Students from Bundaberg State High School created this video of last year's HPV Super Sprint race event.

Up to 400 students from across Queensland are gearing up for a six hour human-powered vehicle race in Bundaberg later this month.

The HPV Super Sprint will take place on April 26 at the Dromeside Kart track on University Drive with Bundaberg State High School hosting round one of the event.

The school's manual arts teacher Gregory Smith is one of the brains behind the event and said the race would feature teams of students from Years 7 to 12.

“There will be eight students per team taking turns to keep their vehicles going for six hours,” he said.

“Breakdowns, repairs, blown tires — the students have to handle these issues as they go.

“In the hours leading up to the start of a race the teams and vehicles have to pass inspections just like race cars.”

Vehicles make their way around the track in last year's event

Gregory said the round one race was part of a bigger event called the Queensland HPV Super Series.

“Eight official races are held around Queensland and run under the one set of rules and regulations with all results contributing to an overall state championship,” he said.

“Our students are super excited about travelling to new tracks and competing for a state championship which gives their sport more recognition.”

Positive influence on community

Gregory said the event in Bundaberg would not only benefit those involved, but also the wider region.

“In the lead-up to our race there will be teams turning up from all over Queensland — 20 teams made up of 400 students, half of whom will camp at the track which will bring money into the town,” he said.

human powered vehicle
Students inspect their vehicle before the big race last year.

Gregory said students had been preparing for months, with the maintenance of each vehicle built into Bundaberg State High School's curriculum.

“The students in our schools trade training program do all the rebuilds and major repairs to the racing vehicles each year,” he said.

“Some of these students join the teams to race them as well.

“These students get to learn more about vehicle repairs, and modifications which increases their personal skill level and chances of finding an apprenticeship when they leave school.”

Mr Smith said the event has grown considerably since its inception in Bundaberg a few years ago.

“We used to only attract students from the industrial arts subjects, maybe totalling 18 to 24 students,” he said.
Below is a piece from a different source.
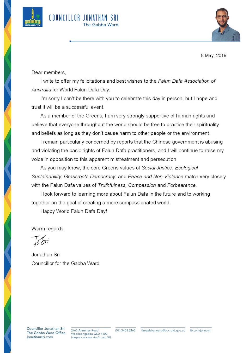 昆州布里斯本市市议员斯理(Jonathan Sri)贺信译文:

“Now that we sell it as a school sport with professional racing vehicles our students number into the 50s to 60s that turn up for start of the year try-outs.

“We have also bern able to be more inclusive with running all-girls teams and a team for students with disabilities.”

Maintenance is a must when it comes to this racing event.

What is HPV racing?

HPV racing has been in Queensland for 30 years and was first established in Brisbane.

The race events feature vehicles which can only be powered by human movement, like bicycles.

The Queensland races are at Bundaberg, Yeppoon, Mackay, Emerald, Willowbank, Benaraby, Maryborough and the last race of the season is in Toowoomba.